┌──

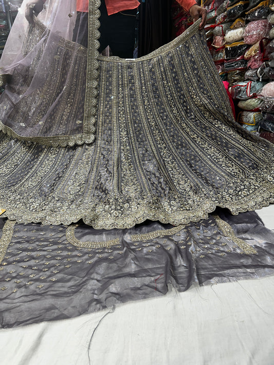 Astonishing Chiku golden Rust orange Gajri pink Mehendi green purple Net Lehenga
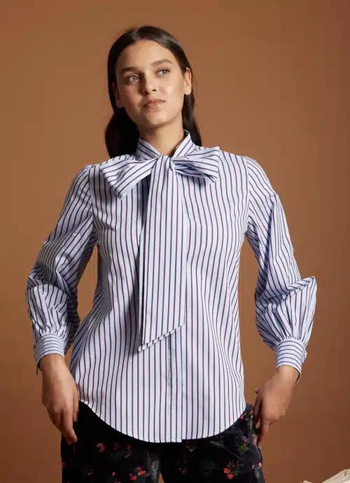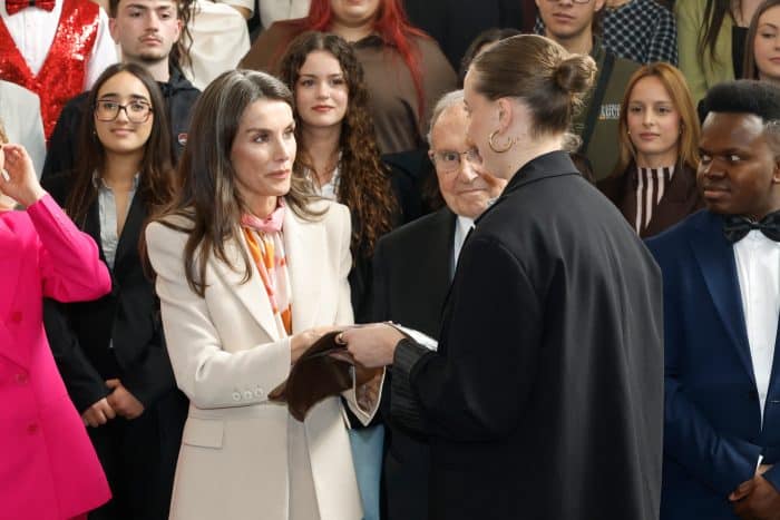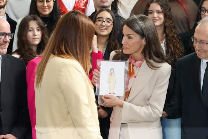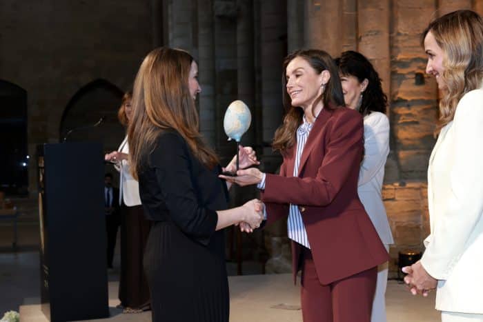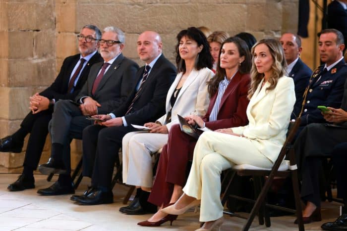 Koningin Letizia zat donderdag de werkvergadering voor met de “Associació de Dones Empresàries de Lleida” en de daaropvolgende uitreiking van de XVI “Ap!Lleida”-prijzen. Hiermee worden zakenvrouwen, leidinggevenden of professionals in de culturele, kunst-, sport-, communicatie- en ondernemerswereld erkend. Aan de stijl van Letizia valt iets anders te zien. Want hoewel de Spaanse koningin twee keer in een broekpak te zien was, droeg ze er beide keren een elegante (strik)blouse in kleur onder. Dat maakt het totaalplaatje verfijnder en vrouwelijker. Onder haar wijnrode broekpak van Hugo Boss, draagt Letizia een gestreepte strikblouse van Coosy.
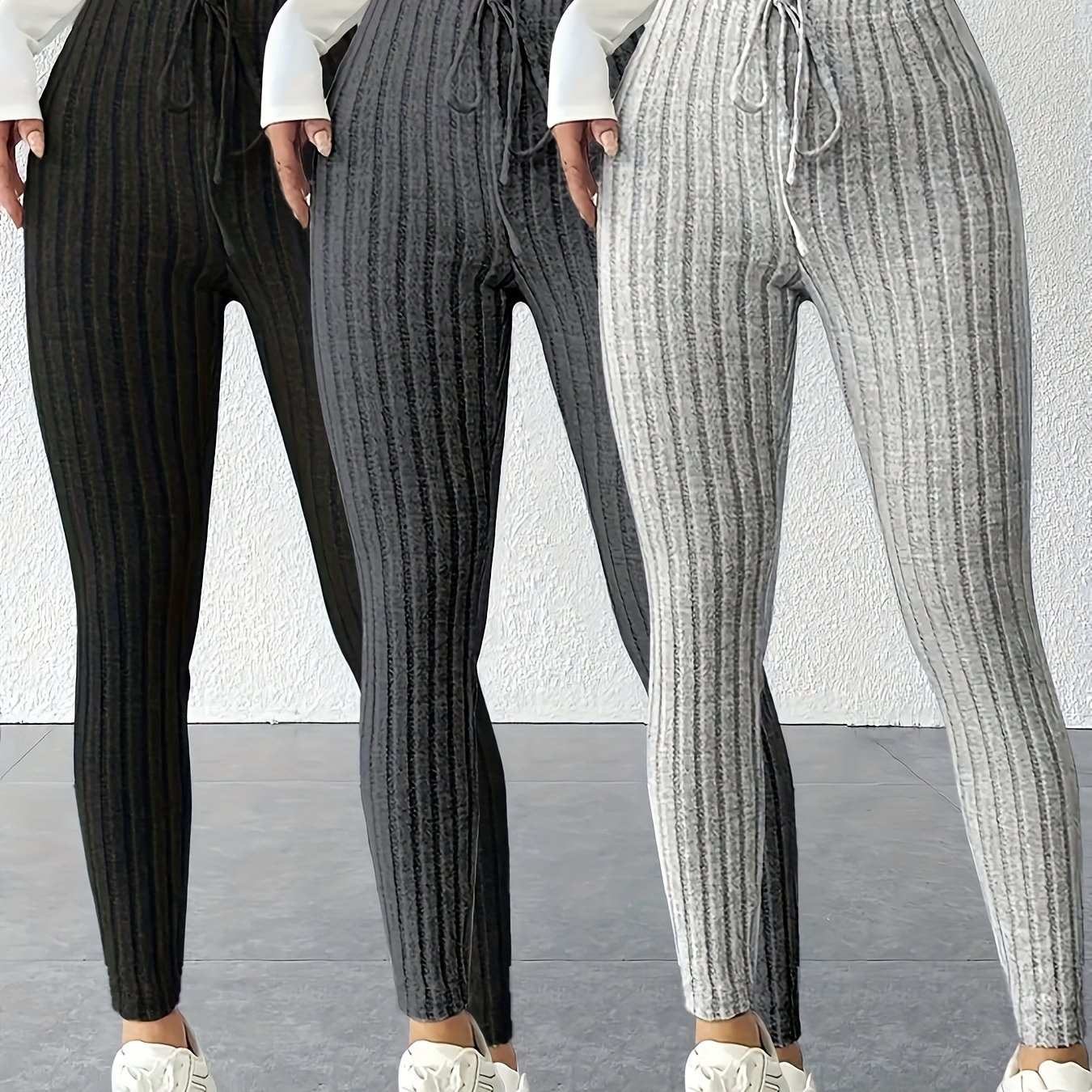 TEMU 여성용 하이웨이스트 팬츠 세트, 고신축성 캐주얼 솔리드 컬러 긴바지, 봄과 가을에 적합. 복부 컨트롤 및 핏, 데일리 레깅스, 편안한 여성용 아우터웨어 및 레이어링 레깅스, 멀티팩
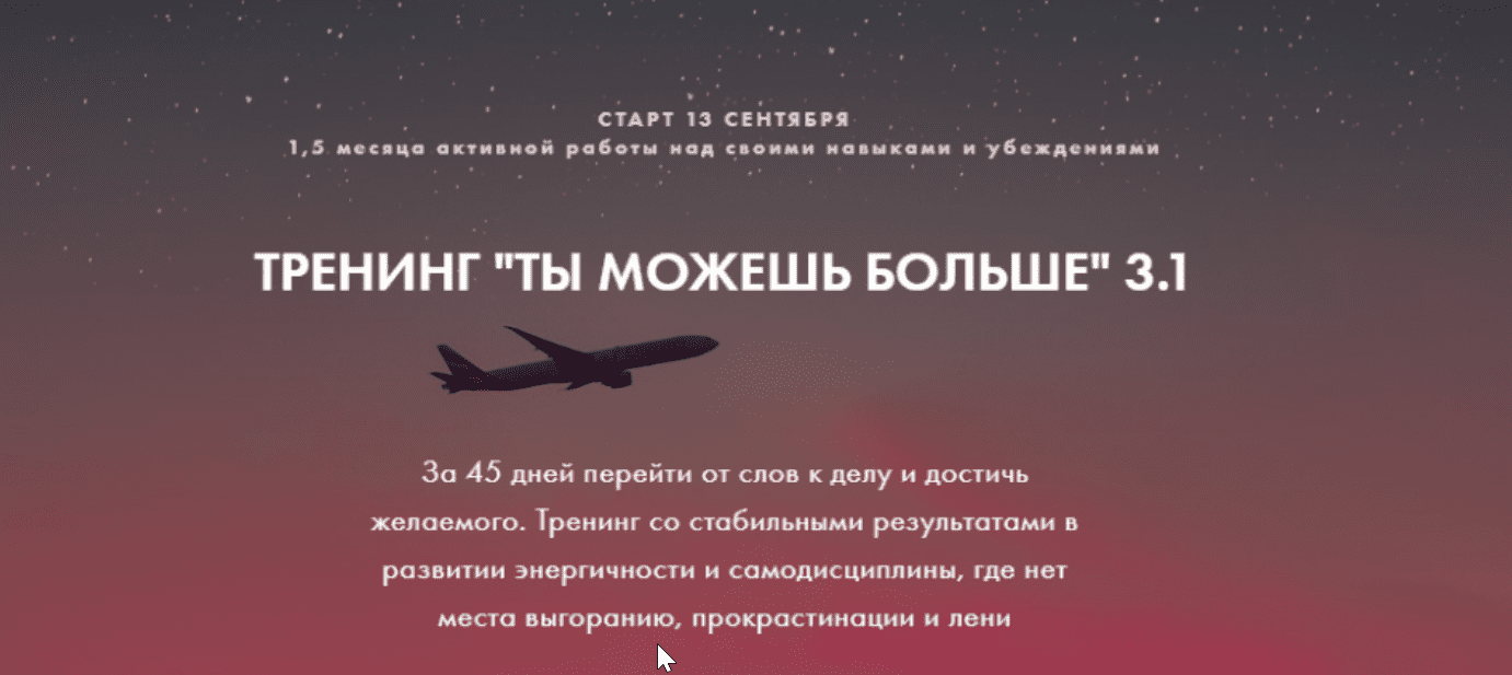 Тренинг идет уже 2,5 года, в мае стартует двенадцатый поток. Это новый и обновленный тренинг, его третья версия (с дополнениями). Всего этот тренинг прошли больше 1000 учеников. Он для тех, кто готов серьезно поработать над своей энергичностью, изучить научные факты о мозге без пространных рассуждений и эзотерики с практическим применением, снять с себя пелену иллюзий (это больно) и получить свой фундамент, на котором можно плавно двигаться дальше без лени, прокрастинации и эмоциональных качелей. Потому что вас от ваших мечт отделяет только то, что вы не идете к ним. И больше ничего.

└──

» What you need to do: Return the data exactly as it stands, minus the pictures.

» Answer for this exercise:
 Astonishing Chiku golden Rust orange Gajri pink Mehendi green purple Net Lehenga
 Koningin Letizia zat donderdag de werkvergadering voor met de “Associació de Dones Empresàries de Lleida” en de daaropvolgende uitreiking van de XVI “Ap!Lleida”-prijzen. Hiermee worden zakenvrouwen, leidinggevenden of professionals in de culturele, kunst-, sport-, communicatie- en ondernemerswereld erkend. Aan de stijl van Letizia valt iets anders te zien. Want hoewel de Spaanse koningin twee keer in een broekpak te zien was, droeg ze er beide keren een elegante (strik)blouse in kleur onder. Dat maakt het totaalplaatje verfijnder en vrouwelijker. Onder haar wijnrode broekpak van Hugo Boss, draagt Letizia een gestreepte strikblouse van Coosy.
 TEMU 여성용 하이웨이스트 팬츠 세트, 고신축성 캐주얼 솔리드 컬러 긴바지, 봄과 가을에 적합. 복부 컨트롤 및 핏, 데일리 레깅스, 편안한 여성용 아우터웨어 및 레이어링 레깅스, 멀티팩
 Тренинг идет уже 2,5 года, в мае стартует двенадцатый поток. Это новый и обновленный тренинг, его третья версия (с дополнениями). Всего этот тренинг прошли больше 1000 учеников. Он для тех, кто готов серьезно поработать над своей энергичностью, изучить научные факты о мозге без пространных рассуждений и эзотерики с практическим применением, снять с себя пелену иллюзий (это больно) и получить свой фундамент, на котором можно плавно двигаться дальше без лени, прокрастинации и эмоциональных качелей. Потому что вас от ваших мечт отделяет только то, что вы не идете к ним. И больше ничего.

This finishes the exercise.